20. The system of claim 17, wherein the data processing unit is configured to compare the computed list of m/z peaks to an adaptable library that includes sources or particles from at least one of ambient air or and emissions from specific sources.

21. The system of claim 17, wherein the data processing unit is configured to compare the computed list of m/z peaks to the library that is adaptable to describe each known source sampled as a collection of a few typical spectra with associated variability.

22. The system of claim 17, wherein the data processing unit is configured to compare the computed list of m/z peaks to the library that is adaptable to include categories of general particle types that include at least one of elemental carbon, aged organic carbon, aged elemental carbon, amines, polycyclic aromatic hydrocarbons, vanadium containing source, and ammonium containing source.

23. The system of claim 17, wherein the data processing unit is configured to compare the computed list of m/z peaks to the library that is adaptable to include changes in sources due to aging.

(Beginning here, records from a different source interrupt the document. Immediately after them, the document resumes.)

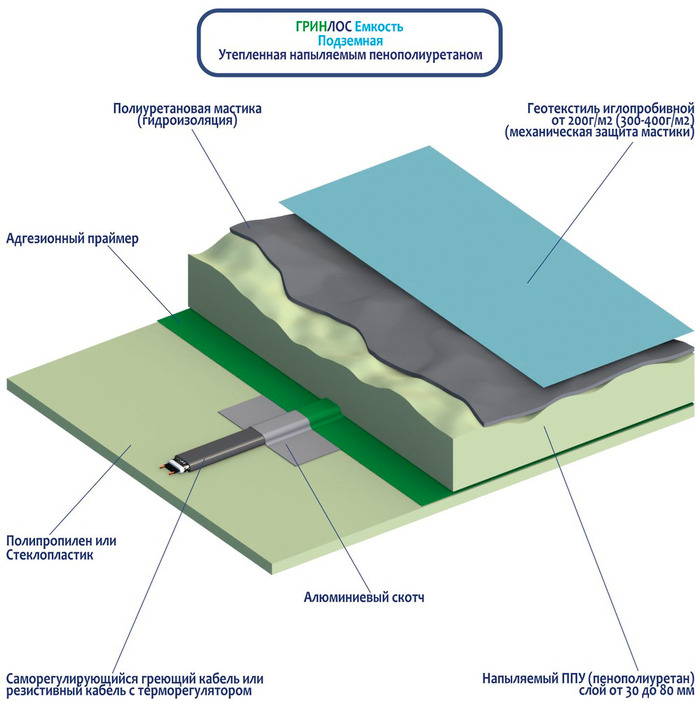 - При подземном размещении: полиуретановая мастика (гидроизоляционный слой) + геотекстиль (защита мастики от механических повреждений)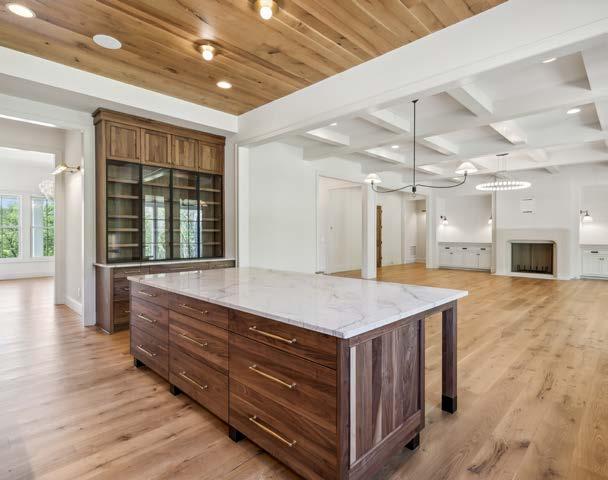 Experience luxury and functionality in this well-designed kitchen. Quartzite countertops and a matching backsplash paired with a fireclay sink and under cabinet lighting offer timeless elegance. The island, with decorative spotlights and drawer storage, is ideal for meal prep and casual dining. A buffet with metal-framed glass doors adds sophistication, while rich walnut cabinets provide ample storage. A wood plank trey ceiling above adds warmth and character, completing this stylish culinary space.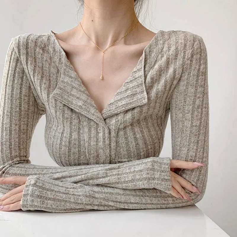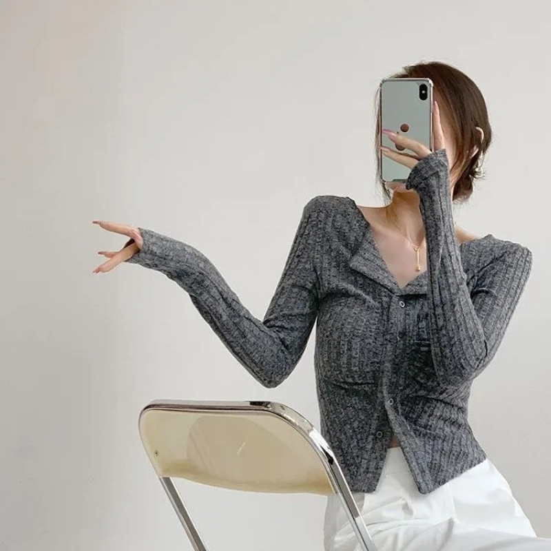 순수한 욕망 스타일 틈새 디자인 센스 칼라 싱글 브레스트 니트 카디건 여성의 가을 새로운 슬림 핏 타이트 허리 슬리밍 긴팔스토어 가기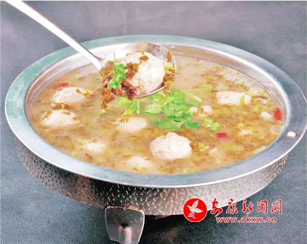 選用肥三瘦七的五花肉剁成肉餡兒,加入馬蹄碎、香菇碎、蔥姜末、胡椒粉、 花椒面、料酒調(diào)味,打一個(gè)雞蛋到入其內(nèi),順著一個(gè)方向攪拌上勁。然后起鍋燒油,下蔥姜蒜、干辣椒、把切好的酸菜倒進(jìn)去炒香,加入適量的清水燒開。再一次把肉餡兒擠成直徑為3厘米的丸子下入鍋中,小火加熱,等丸子都浮起來的時(shí)候,撒上蔥花,裝盤即可。酸菜獅子頭通過多到工序,讓酸菜融入丸子里,肉鮮味香,酸爽開胃,老少皆宜。

24. The system of claim 17, wherein the data processing unit is configured to add or remove new source spectra into the library stored in the database when detected to interfere with proper classification of the particle.

25. A computer implemented method for analyzing mass spectral data associated with a particle comprising:

acquiring mass spectrum data associated with a particle in real-time; and

analyzing the acquired mass spectrum data to classify the particle in real-time, wherein, the analyzing comprises comparing the acquired spectrum data to a library of known mass spectral fingerprints to obtain a match.